● **PROMPT**
Repeat only the lines below that run from the line with "園庭にたくさんの跡が・・・「" to the line with "Market share of", ends included; skip every picture.

● **THE RECORDS**
= = = = = = =
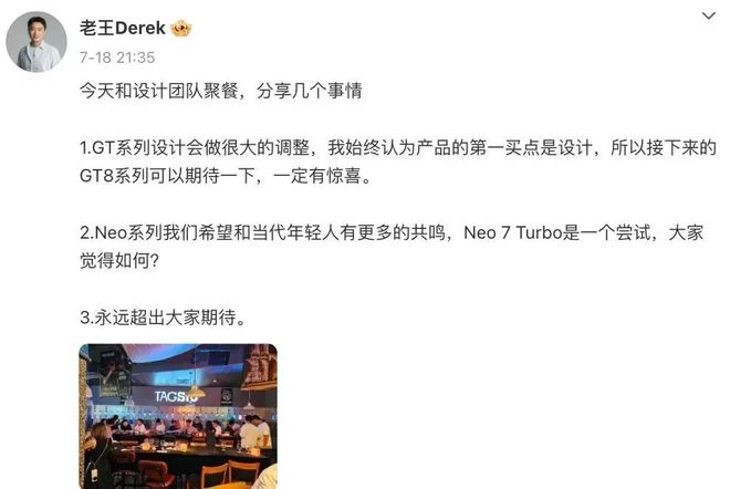 另外,王伟还表示,“Neo系列我们希望和当代年轻人有更多的共鸣,Neo 7 Turbo是一个尝试,大家觉得如何?”
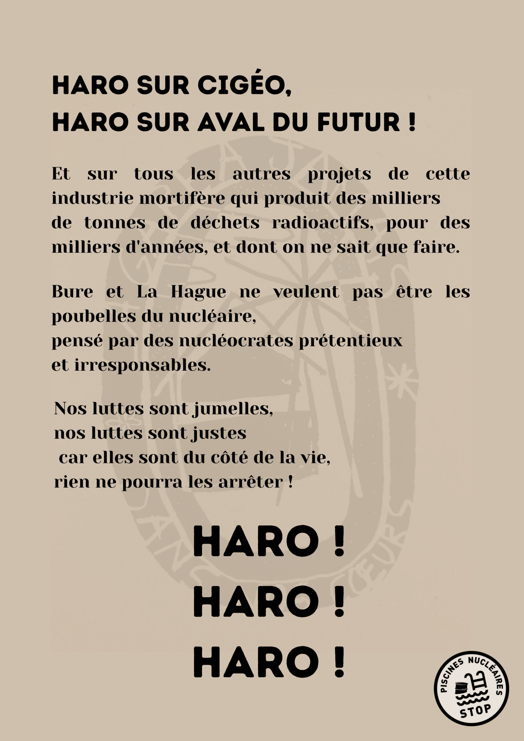 Dans ce moment particulier pour la lutte à Bure contre CIGEO où de nombreuses personnes ont perdu leur lieu de vie, tout soutien est extrêmement précieux. Alors envoyez nous des visuels de vos banderoles, tags, ou envoyez nous des lettres, textes, cartes postales, déclarations pour renforcer notre détermination collective à nous opposer à CIGEO et nous soutenir. Cela nous ferait particulièrement plaisir de voir des pensées pour la Gare dans les différents cortèges du 1er mai.
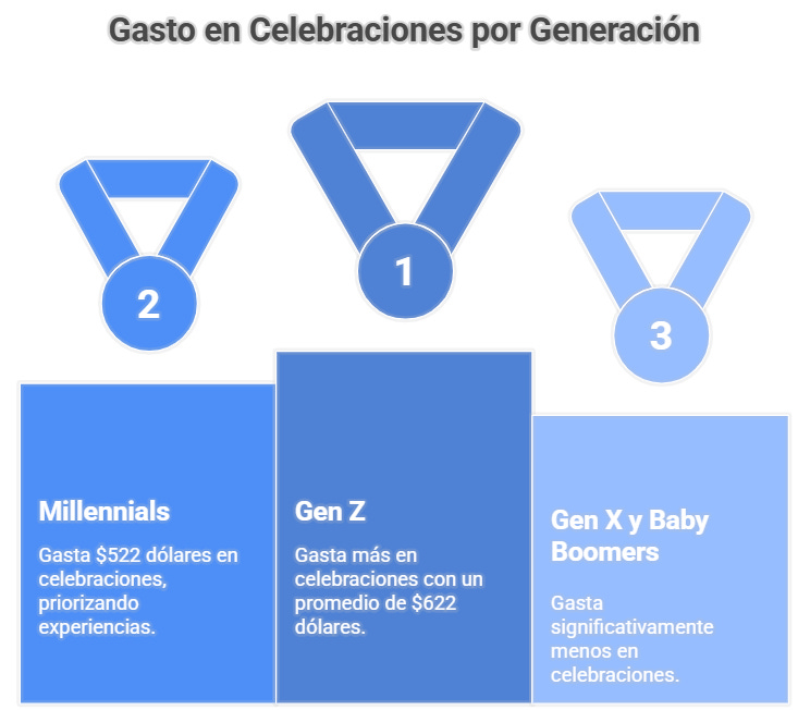 Gen Z: 93% festejan y gastan un promedio de $622 dólares. El efecto social y la comparación con pares incentivan incluso el gasto por encima del presupuesto.
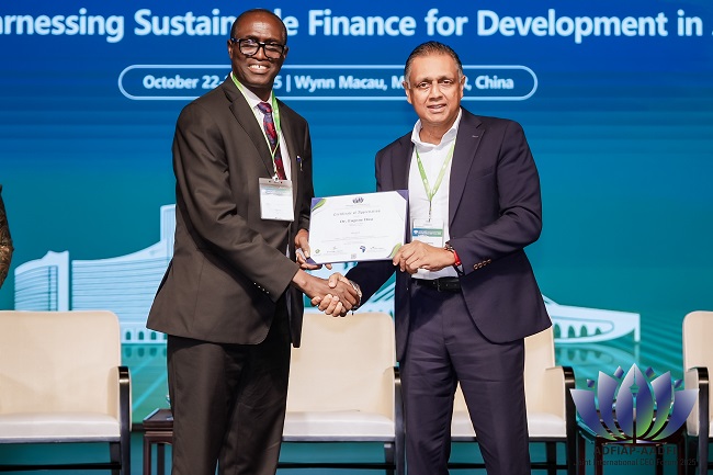 At the AADFI-ADFIAP Joint International CEO Forum 2025, held from October 22 to 24, 2025, in Macau SAR, China, Dr. Eugene Itua, CEO of Natural Eco Capital and Executive Director of the Africa Green Economy and Sustainability Institute (AGESI), was honoured with a Certificate of Appreciation by Mr. Thimal Perera, CEO of DFCC Bank PLC, Sri Lanka, for his outstanding contribution as a panelist in Session 1: “Harnessing Sustainable Finance for Development – Exploring Innovative Financing Models to Accelerate Sustainable Development in Asia-Pacific and Africa”.
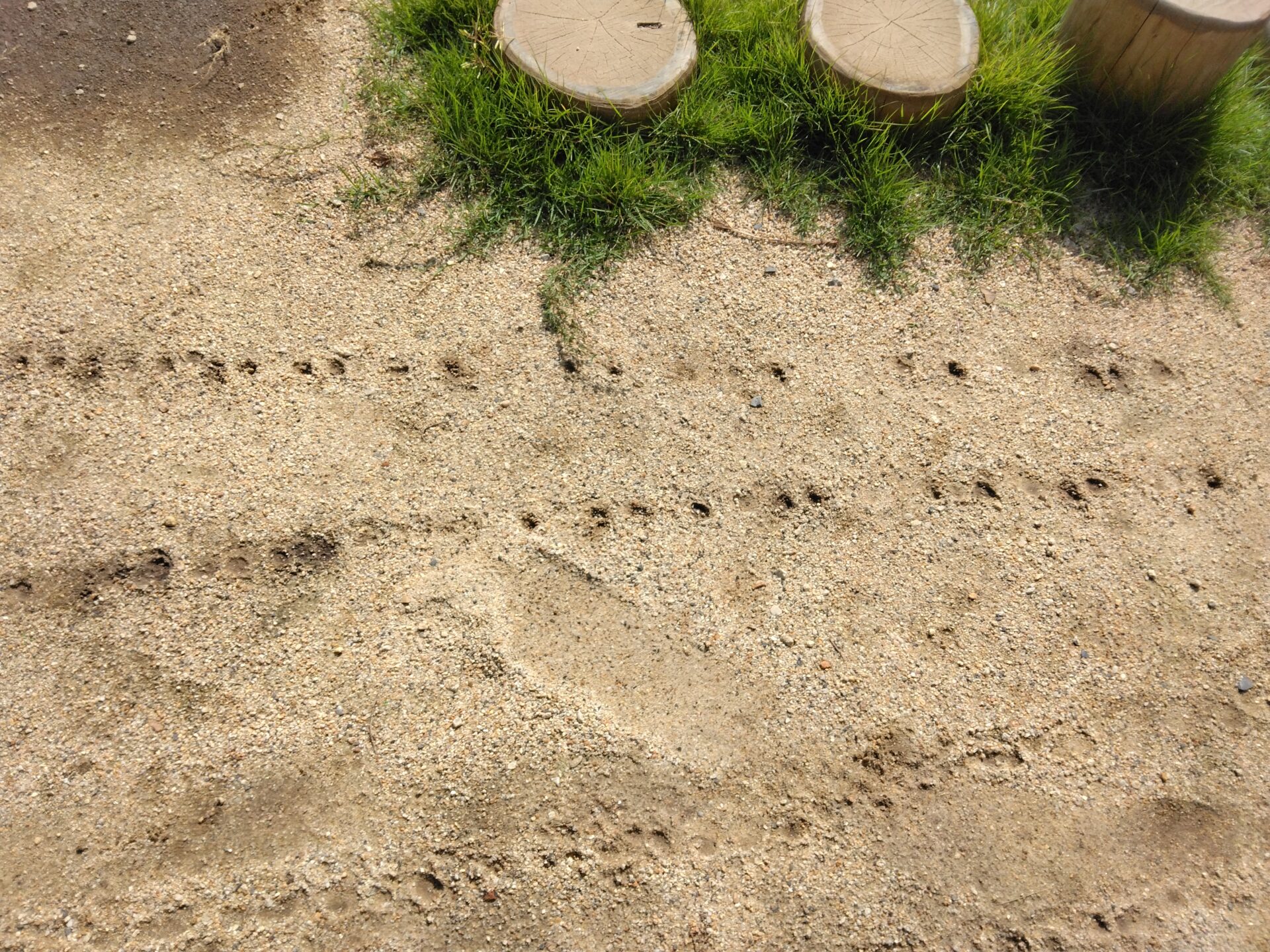 園庭にたくさんの跡が・・・「こっちにもあるで~」カンガルーの足跡探しが始まりました。
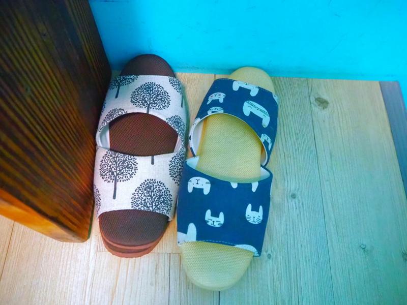 滿喜歡這種木質感的桌椅家具,一旁有附上室內拖鞋,也是相當居家的室內拖鞋,穿起來很舒適(更有家的感覺了) XD
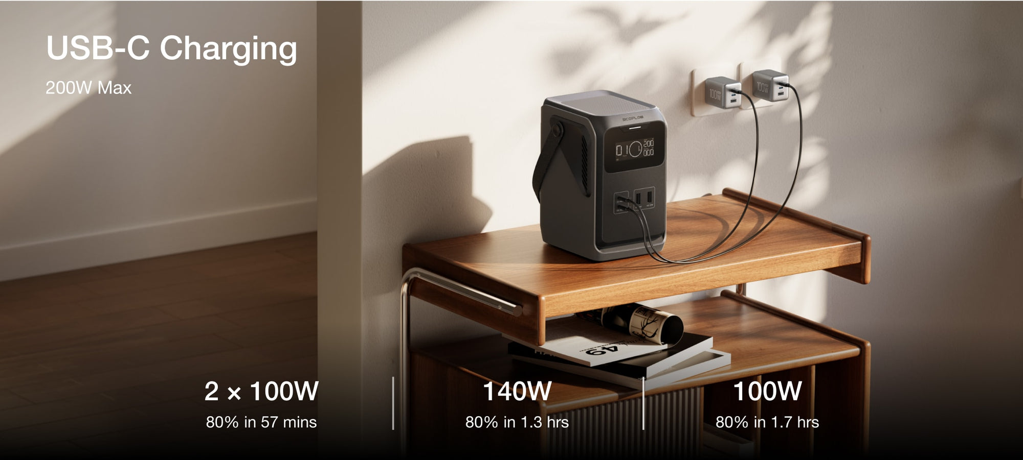 Recharge via 140W PD USB-C port and enjoy outdoor energy anytime, anywhere with TRAIL.
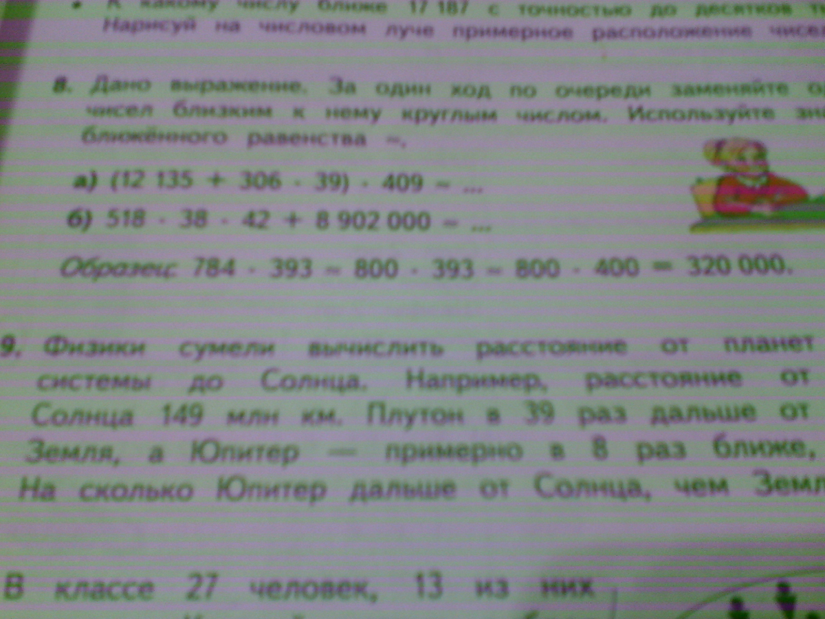 Дано выражение. За один ход по очереди заменяйте одно из чисел близким к нему круглым числом. Используйте знак приближённого равенства ~
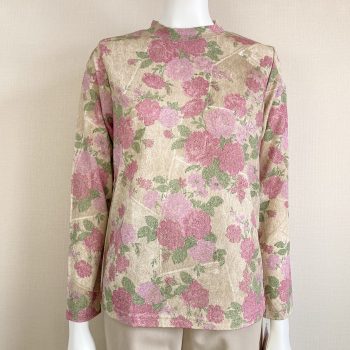 ピンクのベストには、シックなピンクのローズ柄カットソーがピッタリ!
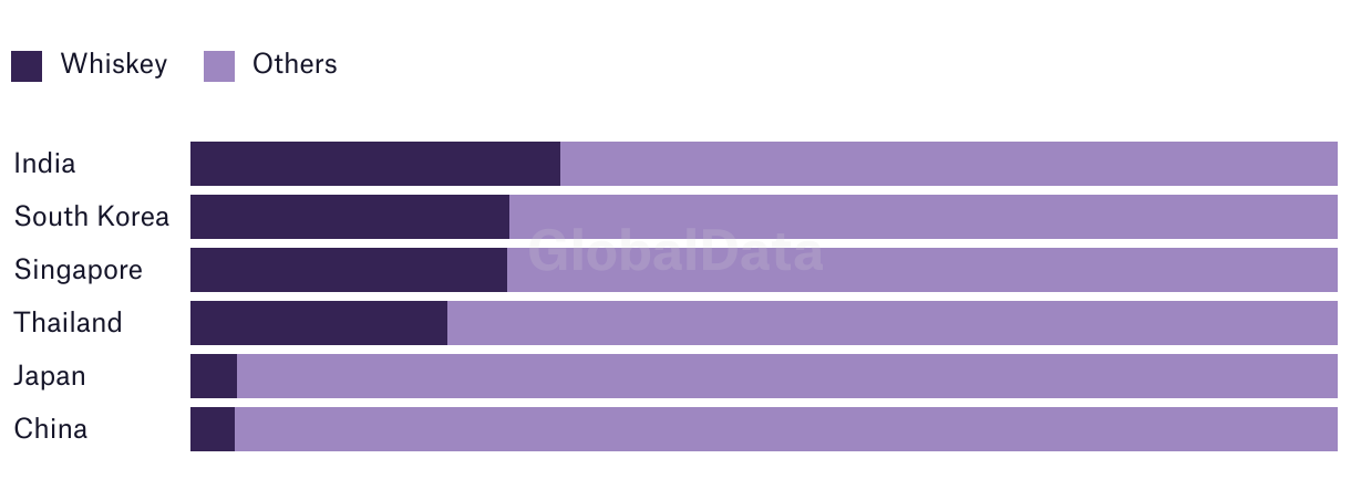 Market share of whiskey vs other spirits in the top Asian markets (million litres) - 2022
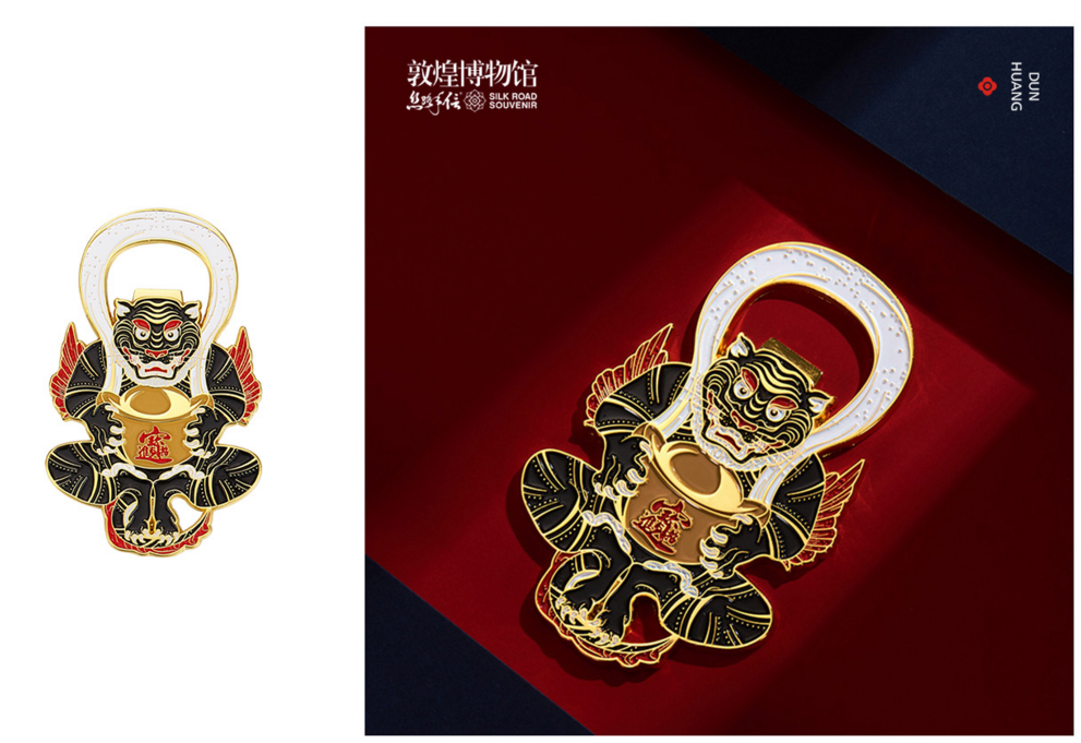 “集威严与权势与一身的虎,也是代表吉祥与平安的瑞兽。我们将白虎形象进行重新设计,赋予它更加庄重威严的气势,祝有缘人新年‘虎虎生风。’”敦煌市博物馆相关工作人员介绍。
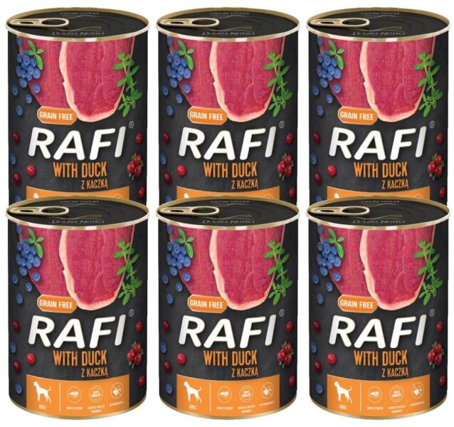 Dolina Noteci Rafi kacsával 800g - Leírás Teljes értékű nedves eledel minden fajta felnőtt kutyának kacsával. Ez a Rafi nedves eledel a kacsából származó hús és állati eredetű nyersanyagok felhasználásának köszönhetően teljes értékű fehérjeforrás, amely tartalmazza az összes esszenciális aminosavat. A kacsaeledel megfelelő arányban tartalmaz szelént, rezet és vasa
= = = = = = =
● **RESULT OF THIS TASK**
 園庭にたくさんの跡が・・・「こっちにもあるで~」カンガルーの足跡探しが始まりました。
 滿喜歡這種木質感的桌椅家具,一旁有附上室內拖鞋,也是相當居家的室內拖鞋,穿起來很舒適(更有家的感覺了) XD
 Recharge via 140W PD USB-C port and enjoy outdoor energy anytime, anywhere with TRAIL.
 Дано выражение. За один ход по очереди заменяйте одно из чисел близким к нему круглым числом. Используйте знак приближённого равенства ~
 ピンクのベストには、シックなピンクのローズ柄カットソーがピッタリ!
 Market share of whiskey vs other spirits in the top Asian markets (million litres) - 2022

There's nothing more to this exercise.